Thursday, August 12, 2010

At Work, My Department Status Is Under Siege (aka Delusional Paranoid Theory No. 24)

Back from a bit of a hiatus.

I work in the operations department at my company, and I've quickly become essentially the next line to the supervisor.  I think of it as a testament to my dedication and aptitude.  However, we have expanded the team lately, which is never bad.  I knew I could potentially help some of the guys along with my experience and ideas, and I was making my presence more known at work through my efforts and questions about how other teams functioned.

Then came the rise of one of our new team members.  There is one colleague who has shown a strong work ethic himself and has caught on quicker than anyone else before him, myself included.  Part of it is because there are now certain responsibilities that he can handle which takes the load off the rest of us.  That's easy to understand.  However, his rise has been fast enough that he's now done more training of the newest team members, and taken the lead on a share of our tools for this major launch.  It is as if he is seen as more of a lead on this project than I am, rather than just an equal.  Even the director asked him for help one day over me when it's usually one me.

I will admit that this coworker is doing a heck of a job since coming in, as he is articulate, dedicated, and has shown a lot of ability while keeping a laid-back attitude for the most part.  He's truly done a heck of a job.

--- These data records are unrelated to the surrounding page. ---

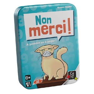 À votre tour de jeu, faites le choix d’accepter une carte ou de dire « Non merci ! » en posant l’un de vos jetons sur la carte refusée. C’est ensuite au joueur suivant de prendre une décision et éventuellement de récupérer votre jeton. Chaque carte acceptée fait perdre des points. Mais si vous reconstituez les suites, vous ne perdez que la valeur de la plus petite carte de la suite. Gérez au mieux vos jetons, car, de toute façon, il vous faudra accepter des cartes.
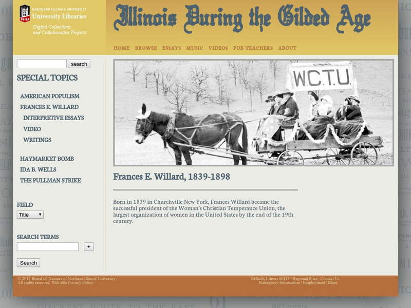 Use this site to read interpretative essays and watch several short videos discussing the many facets of Frances Willlard's life including her work with the temperance movement and women's' suffrage.
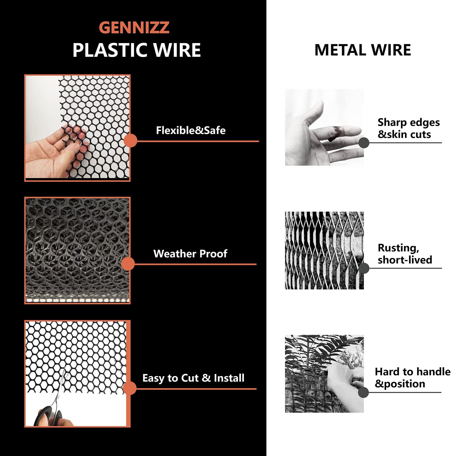 ▦【Zip Ties Included】- GENNIZZ plastic mesh fence is easy to install, remove, roll up and store, zip ties included in the package, install with T-posts or stakes posts to avoid collapsing or sagging caused from wind blowing, animal clash or heavy snow pressure

Yet I resent that so much.

I'm a person who likes his territory, much like other Aspies get used to theirs and hate when things are changing against what they are used to, though it's more the case of sudden change than gradual.  I am okay with him being seen as an equal in the informal hierarchy as he deserves it, but I am not comfortable with someone overtaking my place in the hierarchy and I'm struggling to make the teamwork thing happen as efficiently as possible because I see myself as being threatened even more than I am seeing his own abilities complimenting mine.  Even I'm an optimist, and I don't see this as a reflection on the quality of work he shows; I see this as an indictment of the quality of work I don't.

I have not said this to him or other team members, as he's a good worker, not to mention a great drinking buddy (haha).  I'm not trying to sabotage the team dynamic because of my fragile ego.  However, my supervisors have caught on to me being a little more overzealous with ideas than I have been even in the past.  They are aware of my AS (coming out is a different topic for a different day).  They are aware that I do not want to compete with him for the attention of all teams involved in our projects, as I asked to talk with each of them and they showed the same concern about how pushy I'd be on occasion with getting ideas out.

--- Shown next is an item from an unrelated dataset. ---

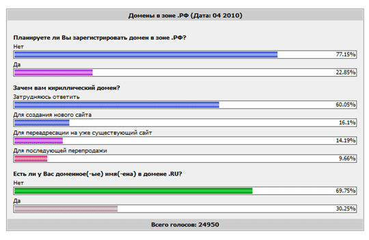 Commissioned by the Coordination Center for ccTLD .RU, from 5 through 11 April 3DNews company was running a custom-made survey on its web site on the subject of “Registration of domain name in zone .РФ”. As many as 5,750 (22.85%) out of a total of nearly 25,000 respondents gave a positive answer to the question “Are you going to register domain name in zone .РФ?”

My coworker doesn't demand anyone with tasks even when he is leading one of the units (I lead the other), and he and I have been collaborative, which is a start.  The hard part for me is telling myself that this isn't a personal slight.  I have never been called out on my work ethic or performance, which the supervisors make it a point to remind me, so I shouldn't feel paranoid.  They are trying to do what is best for our team, but I also want to do what is best for me.  I'm not uncomfortable right now, as they do see him as an equal now, but I start wondering if maybe I'm bugged about being seen as inferior to him with his rapid ascension leaving me in the shadows.  Things change where I work so fast that I can't always get a grasp on where I will fit in and how quickly I can adapt.  Everyone in the department (not just our team) knows I do good work.

If only I understood workplace dynamics better.  No young kid, especially one with social deficiencies, wants to find his career hit a crossroads before it can really get started.  So now I find out how I can adapt to the new situations at work.  I still like my job, and I like everyone on the team including this guy.  I guess I'm just way too insecure about my position because they're splitting up what was my cheese.